Forget “Nibbles”—Cold Water Carp Have *Specific* Float Moves
When the water’s freezing, carp don’t just “nibble” like they do in summer. Last winter, I sat in my buddy’s beat-up boat for 3 hours watching floats do nothing… until one suddenly *sank* (that’s a “dip bite,” but we’re talking about the *real* one today: the rise bite). If you’ve never seen a rise bite, it’s magic—float slowly climbs out of the water, no jerking, no drama. But here’s the thing: not all rise bites are the same. Let’s break ’em down so you don’t miss a single one.
1. Small Rise Bite (1-3 cm Lift)
This is the sneaky one. The float creeps up 1-3 cm and stops. No big splash, no sudden jump—just a tiny “hey, I’m here” move. Why does this happen? Carp are being *super* cautious (cold water makes them slow, duh). They’ll suck in the hookbait, hold it, and not move an inch. That’s why the float only lifts a little—they haven’t pulled the weight off the bottom yet, just nudged it.
Pro tip from my old man (he’s been fishing since before I could hold a rod): “If you blink, you’ll miss it. Keep your eyes glued—small rise bites are *always* big carp.” Last month, I saw a tiny lift, twitched my rod, and pulled up a 2.5-pound carp. My buddy? He was checking his phone and missed 3 in a row. Oops.
2. Vertical Big Rise Bite (Over 3 cm Lift)
This one’s easier to spot—float shoots up over 3 cm straight up, like it’s trying to escape the water. Why? The carp ate the bait, lifted its head, and is just… hanging there. No swimming away, just holding the bait in its mouth. That means the weight’s totally off the bottom, so the float jumps up fast.
Last winter, I was fishing a small pond by my house and got a vertical big rise. I waited 2 seconds (don’t jerk immediately—let ’em commit!) and pulled up a 3-pounder. My hands were frozen, but that smile? Worth every numb finger.
3. Slant Big Rise Bite (Sideways Lift)
Float doesn’t go straight up—it leans to the side, like it’s being pulled sideways under the water. This happens when the carp eats the bait and starts moving *sideways* instead of up. Still a solid bite—just don’t wait too long, or they’ll spit it out.
4. Tilted Big Rise Bite (Float Lays Flat)
Float goes all the way up and lays flat on the water, like it’s taking a nap. This is the *ultimate* “dead bite”—carp has the bait, is swimming away, and the weight’s totally off the bottom. You can’t miss this one, but don’t hesitate—if you wait, they’ll feel the hook and spit it.
Why Do These Rise Bites Happen? Let’s Get *Carp Science* (Sort Of)
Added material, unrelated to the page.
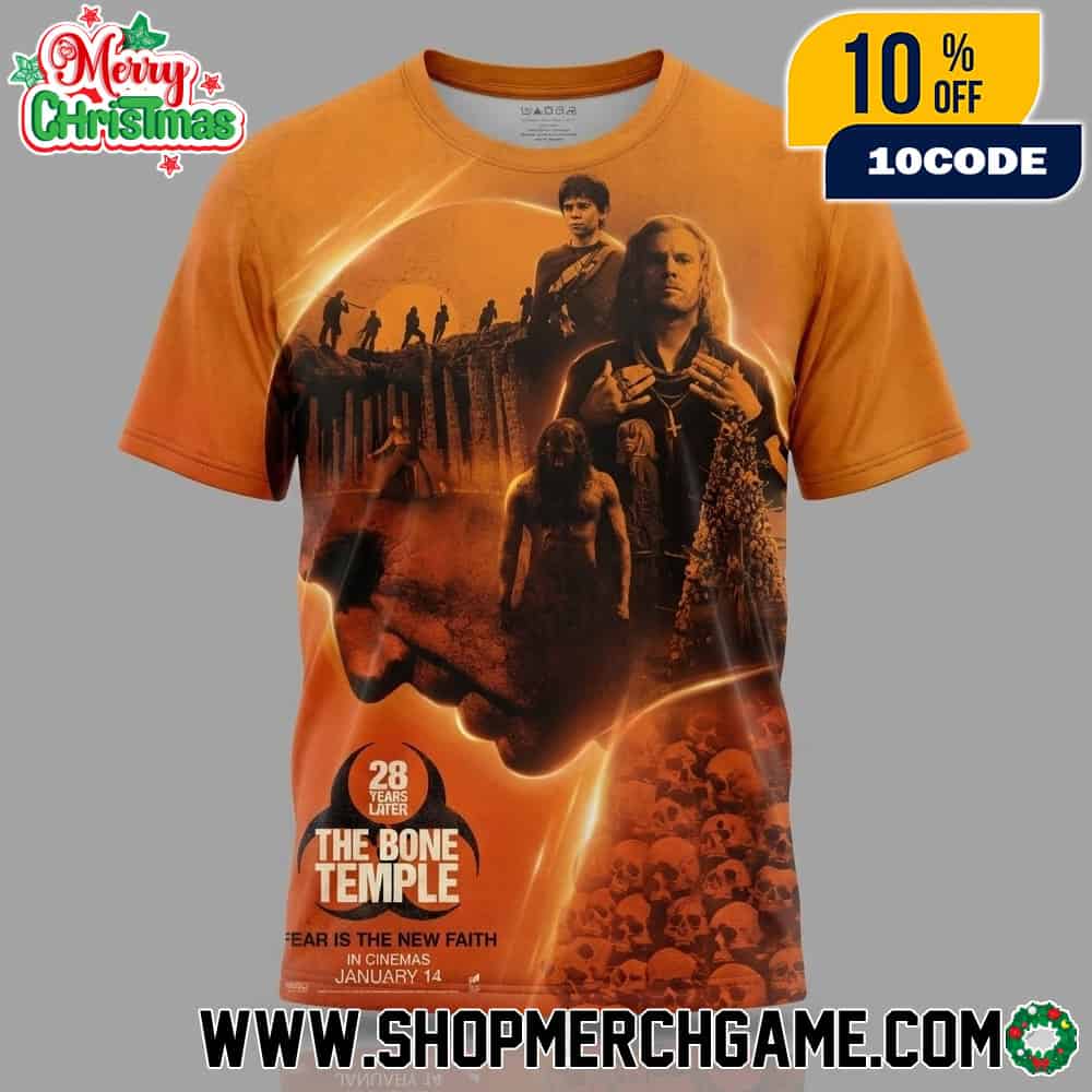 28 Years Later The Bone Temple Movie Poster January 2026 Official Sony Pictures Ralph Fiennes Jack O'Connell Alfie Williams Nia DaCosta Horror Film 3D T-Shirt

Okay, let’s not get too fancy, but here’s the real deal: cold water carp don’t “gobble” bait. They’re lazy (who isn’t in winter?) and cautious. When they find a hookbait (like a worm or maggot—more on that later), they’ll:
- Swim up to it (slowly, like they’re tiptoeing)
- Suck it in (but only if it feels “safe”)
- Lift their head (so their body’s parallel to the bottom)
- Either hold still (small rise) or start moving (big rise)
When they lift their head, the weight (lead shot) comes off the bottom. That’s why the float rises—no weight holding it down anymore! Simple, right? But most new anglers miss this because they’re expecting summer-style “nibbles” (float bobs up and down fast). Cold water = slow moves = slow floats.
The *Only* Bite You Should Chase: Rise Bites (Trust Me)
Here’s the rule I live by in cold water: ignore everything except rise bites. Dips? Maybe a tiny fish. Bobs? Probably a minnow. But rise bites? That’s a carp, 9 times out of 10. And here’s why:
- Small rise bites = big carp (they’re cautious, so they don’t move much)
- Big rise bites = any size carp (they’re committed)
- Dips/bobs = waste of time (you’ll hook 10 small fish for every 1 carp)
Last month, I took a new angler out. He kept jerking his rod at dips, and caught 5 tiny bluegill. I ignored the dips, waited for a rise, and caught 3 carp (1.5, 2, and 2.5 pounds). He looked at me like I was a wizard. Nope—just knowing the bite.
How to Spot Small Rise Bites (The Hardest Part)
Small rise bites are *tiny*—1-3 cm. If you’re not paying attention, you’ll miss ’em. Here’s what I do:
- Sit up straight (no slouching—you’ll miss the tiny moves)
- Keep your eyes on the float *only* (no checking your phone, no talking to your buddy)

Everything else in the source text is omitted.